◆ **Work task**
Nothing but the lines from the one containing "Denne bryllupsplakat er" through the last line of the material should appear in the answer, transcribed exactly, pictures excluded.

◆ **Material provided**

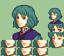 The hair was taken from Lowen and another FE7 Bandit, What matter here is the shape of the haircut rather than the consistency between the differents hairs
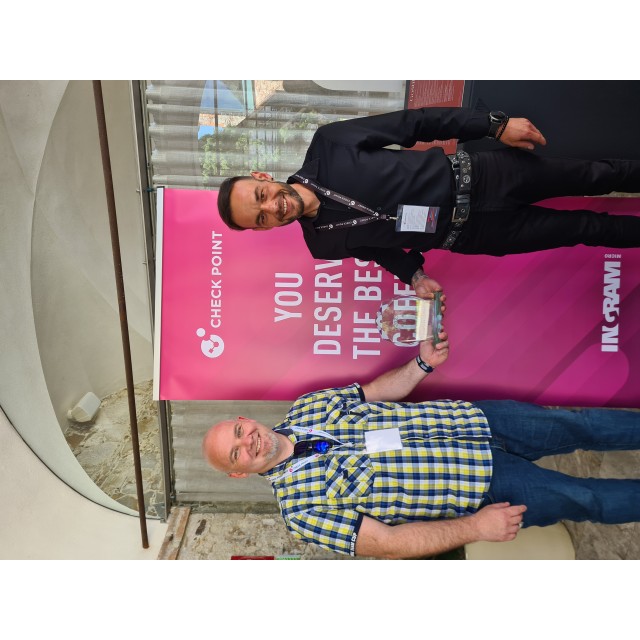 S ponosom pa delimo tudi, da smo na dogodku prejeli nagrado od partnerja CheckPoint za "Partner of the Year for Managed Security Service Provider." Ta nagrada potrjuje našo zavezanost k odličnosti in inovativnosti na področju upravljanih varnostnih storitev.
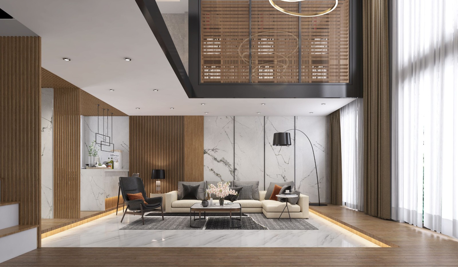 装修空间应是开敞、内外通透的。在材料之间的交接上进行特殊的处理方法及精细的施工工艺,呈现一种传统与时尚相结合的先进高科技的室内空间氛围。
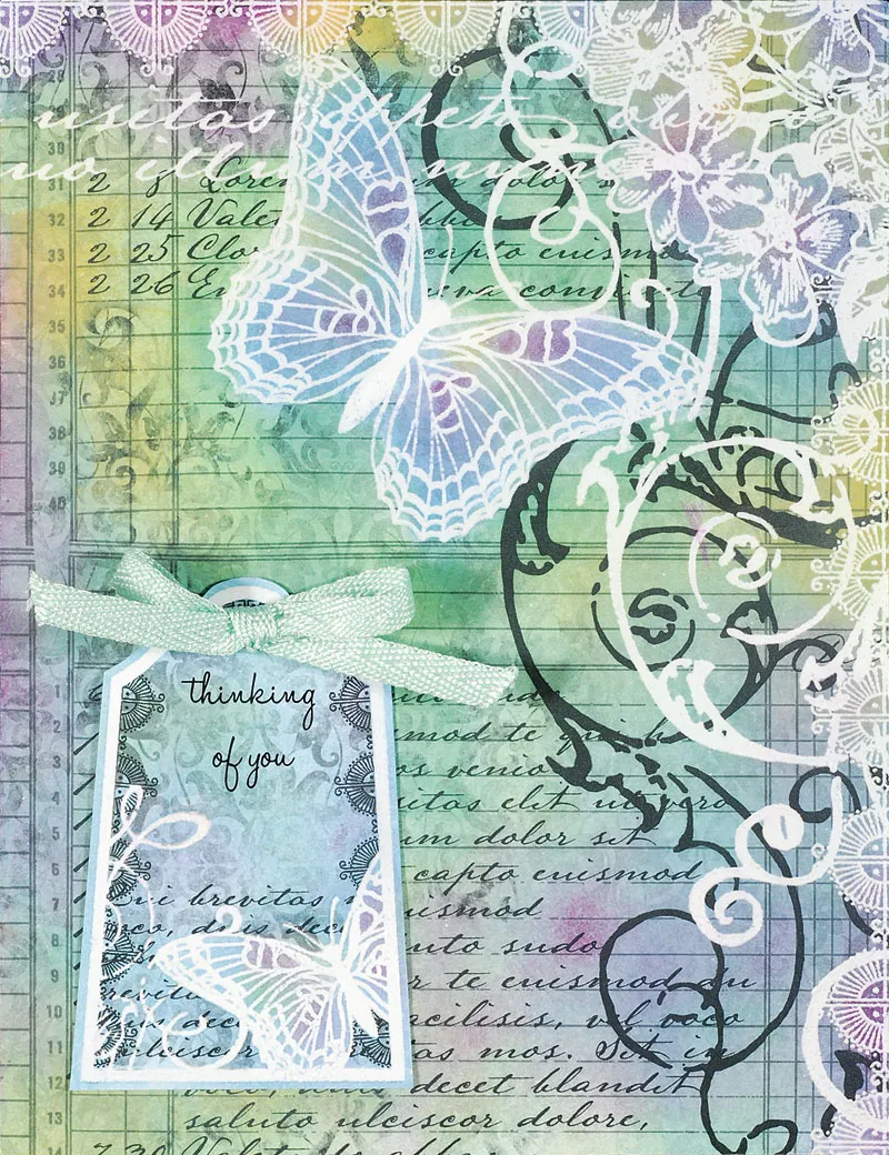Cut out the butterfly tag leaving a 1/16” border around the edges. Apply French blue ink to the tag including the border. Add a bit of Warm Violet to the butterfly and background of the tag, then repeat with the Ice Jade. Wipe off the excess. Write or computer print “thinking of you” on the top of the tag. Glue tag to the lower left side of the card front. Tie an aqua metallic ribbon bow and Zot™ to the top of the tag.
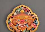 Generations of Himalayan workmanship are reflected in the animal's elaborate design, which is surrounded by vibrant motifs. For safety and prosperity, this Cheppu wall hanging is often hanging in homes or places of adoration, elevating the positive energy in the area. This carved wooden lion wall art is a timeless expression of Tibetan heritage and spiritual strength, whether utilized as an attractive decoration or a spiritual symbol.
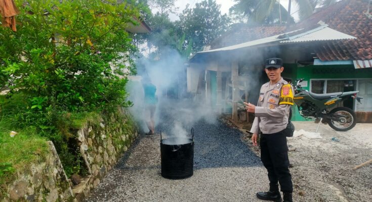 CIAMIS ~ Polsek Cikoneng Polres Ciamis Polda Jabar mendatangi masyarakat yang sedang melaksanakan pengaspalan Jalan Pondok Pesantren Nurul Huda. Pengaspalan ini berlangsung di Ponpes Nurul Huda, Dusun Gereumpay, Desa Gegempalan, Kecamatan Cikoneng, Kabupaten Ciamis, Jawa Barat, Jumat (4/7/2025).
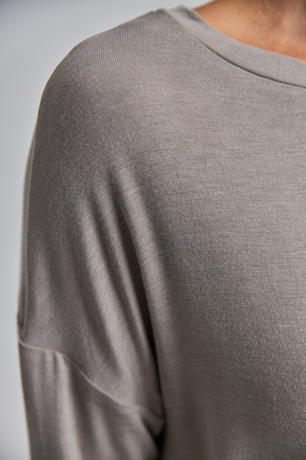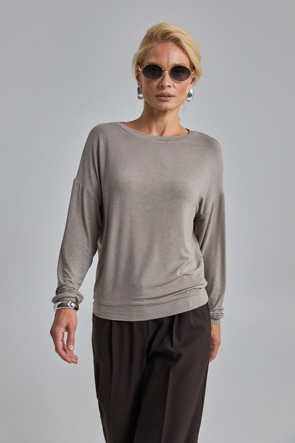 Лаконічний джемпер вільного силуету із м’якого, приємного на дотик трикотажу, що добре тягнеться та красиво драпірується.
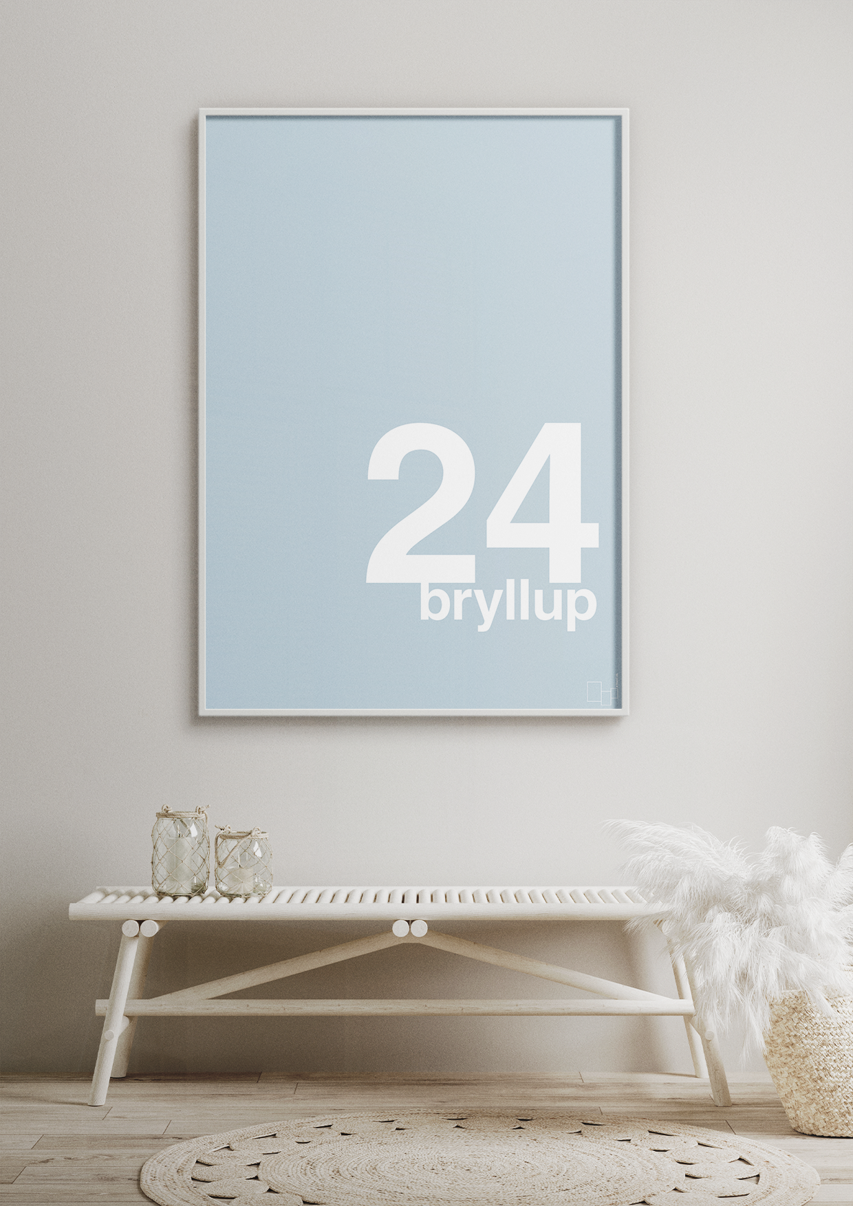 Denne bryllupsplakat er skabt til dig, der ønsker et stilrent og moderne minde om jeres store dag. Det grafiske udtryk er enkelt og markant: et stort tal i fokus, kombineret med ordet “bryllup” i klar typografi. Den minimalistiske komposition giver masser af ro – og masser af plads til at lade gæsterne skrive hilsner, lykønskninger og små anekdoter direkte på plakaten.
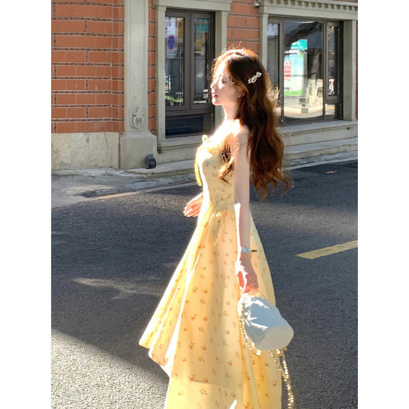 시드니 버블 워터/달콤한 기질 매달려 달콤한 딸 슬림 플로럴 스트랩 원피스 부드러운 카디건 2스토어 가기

◆ **Solved exercise**
 Denne bryllupsplakat er skabt til dig, der ønsker et stilrent og moderne minde om jeres store dag. Det grafiske udtryk er enkelt og markant: et stort tal i fokus, kombineret med ordet “bryllup” i klar typografi. Den minimalistiske komposition giver masser af ro – og masser af plads til at lade gæsterne skrive hilsner, lykønskninger og små anekdoter direkte på plakaten.
 시드니 버블 워터/달콤한 기질 매달려 달콤한 딸 슬림 플로럴 스트랩 원피스 부드러운 카디건 2스토어 가기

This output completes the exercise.